CEO Min-Liang Tan told Yahoo Finance that Razer planned to make the mask, but didn’t elaborate when manufacturing would begin. He explained that the company realized wearing masks would still be common practice for some time, especially since in countries with slower vaccine roll-outs.

“So with that in mind, we are going to go ahead and solve the sustainable aspect of the mask which is one of the big things for us. Project Hazel is going to be a reality. We are going to make it happen and I think we will all will be, unfortunately, wearing masks for a long time to come,” Tan told Yahoo Finance.

It’s also not clear how much it’d cost to buy one of these masks.

The sustainability argument is definitely one angle to take with the Project Hazel mask. In case you missed the CES announcement, Razer said the mask was innovated on the N95 mask, but it’s reusable. Project Hazel sports a clear front panel so people can see your mouth along with internal RGB lighting to illuminate your face while wearing it. It includes detachable and rechargeable active ventilators and ‘SmartPods’ that regulate airflow for optimal breathability. Further, Razer says the mask can filter at least 95 percent of airborne particles.

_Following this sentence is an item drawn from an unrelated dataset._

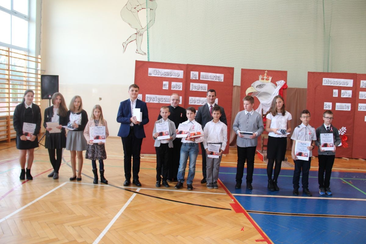 Niedzielna uroczystość była również okazją do wręczenia nagród laureatom „Konkursu Wiedzy o Niepodległej”, który miał na celu propagowanie wartości patriotycznych oraz motywowanie młodych ludzi do pogłębiania wiedzy o Polsce.
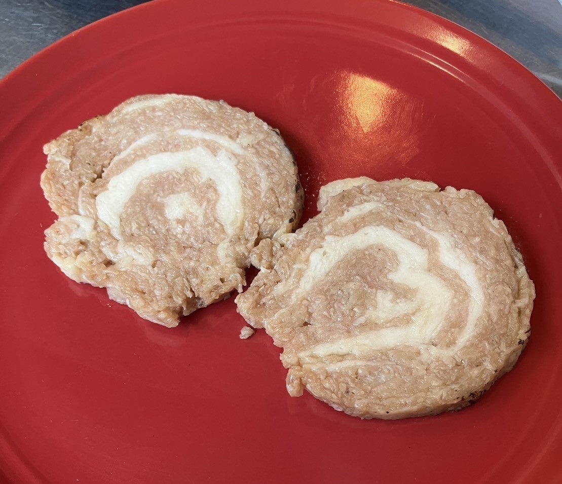 同試食会において、新製品としてプラントベースのチャーシューを発表しました。市場にもすでにプラントベースのチャーシューは存在していますが、プレスハムタイプのチャーシューや、車麩等を使用したチャーシューが多くあります。当社は通常のチャーシューのような脂身を再現したことが画期的であり、脂身に熱を加えても溶けずに残るように加熱耐性を持たせ、口に入れたときには口どけのよい特徴的な食感にこだわりをもって開発しました。

So, yes, the Project Hazel mask could help reduce waste from disposable masks. However, I’m not certain if it’s more sustainable than the myriad of reusable and washable cloth masks. It’s also worth noting that Health Canada and other public health agencies encourage people not to use vented masks like this.

One of the main benefits of wearing a mask is that it protects others by catching the particles coming out of your mouth and nose. Masks with exhalation valves just spray those particles into the air. Granted, the Project Hazel filters could reduce how much escapes, but frankly it’s a risk I’d rather not take.